The end result was this—Alaric alone in the Nenavarene jungle with his wartime enemy and political bride-to-be, who was clearly still irate with him because of the quarrel on board his stormship and the one on the rooftop in Eskaya.
In truth, his own anger was dulled by the undeniable confirmation that her former comrades weren’t sheltering in Nenavar, but the weather was most assuredly not improving his disposition one bit. Early mornings in Kesath were chilly gray affairs, breath curling through the air in garlands of silver vapor. Here in the Dominion, it was already as hot as a Kesathese noon in summer and infinitely more humid—even more so than the last time Alaric had trekked here, in secret, focused only on stopping the Lightweaver before she could get to the nexus point.
It was funny how life turned out, but he was in no mood to laugh. It was so very warm.

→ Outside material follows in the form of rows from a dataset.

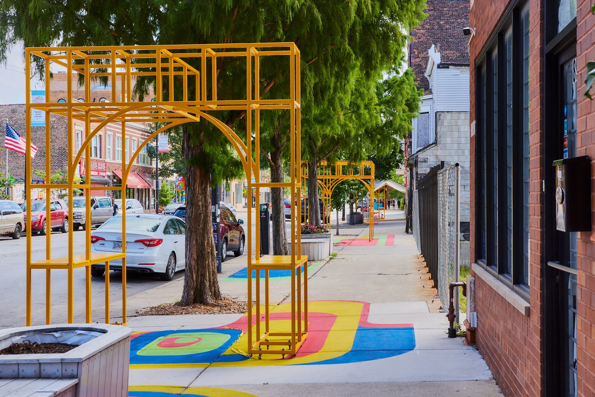 Unique furnishings installed on sidewalks encourage both movement and rest from passersby. “Art Stacks” provide additional experiential design along the corridor, and wood panels are secured by steel plates to allow additional canvases for artwork.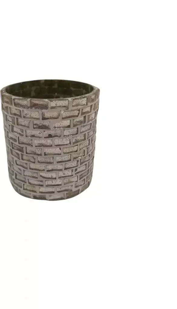 Theelichthouder glas mosaic 6.5x7.5cm zilver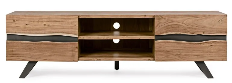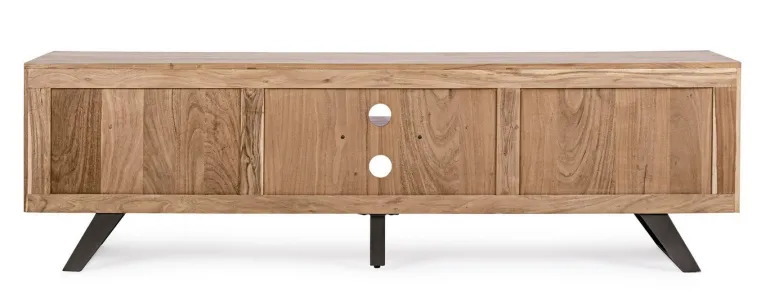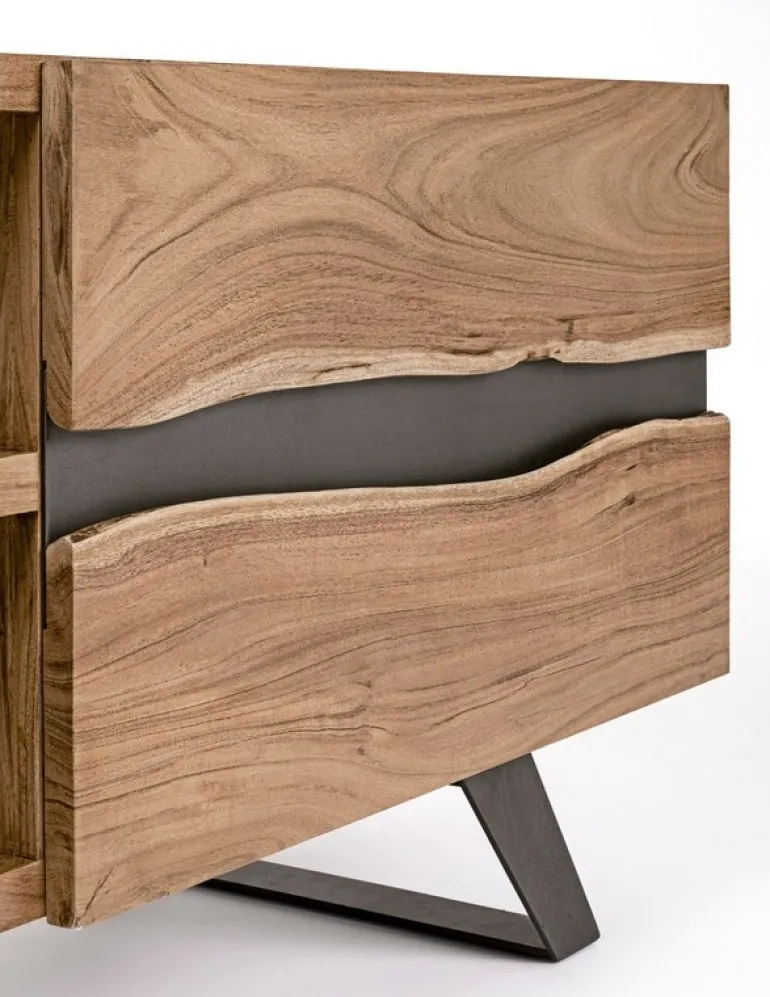 STRUTTURA IN LEGNO DI ACACIA, GAMBE IN ACCIAIO VERNICIATO A POLVERE EPOSSIDICA. PORTE CON INSERTI IN METALLO. FINITURA A BASE DI VERNICE POLIURETANICA. GAMBE DA ASSEMBLARE.

And it didn’t help matters that Talasyn was wearing a sleeveless tunic and linen breeches that clung to her like a second skin, causing his thoughts to go down dangerous roads. He heartily blamed Sevraim for this, with all that talk of heir-making.
“Are you absolutely certain that we’re heading in the right direction?” Alaric had to raise his voice because Talasyn was several feet ahead of him, stomping amidst vines and shrubbery with a pointedness that drove home her low opinion of this little sojourn of theirs.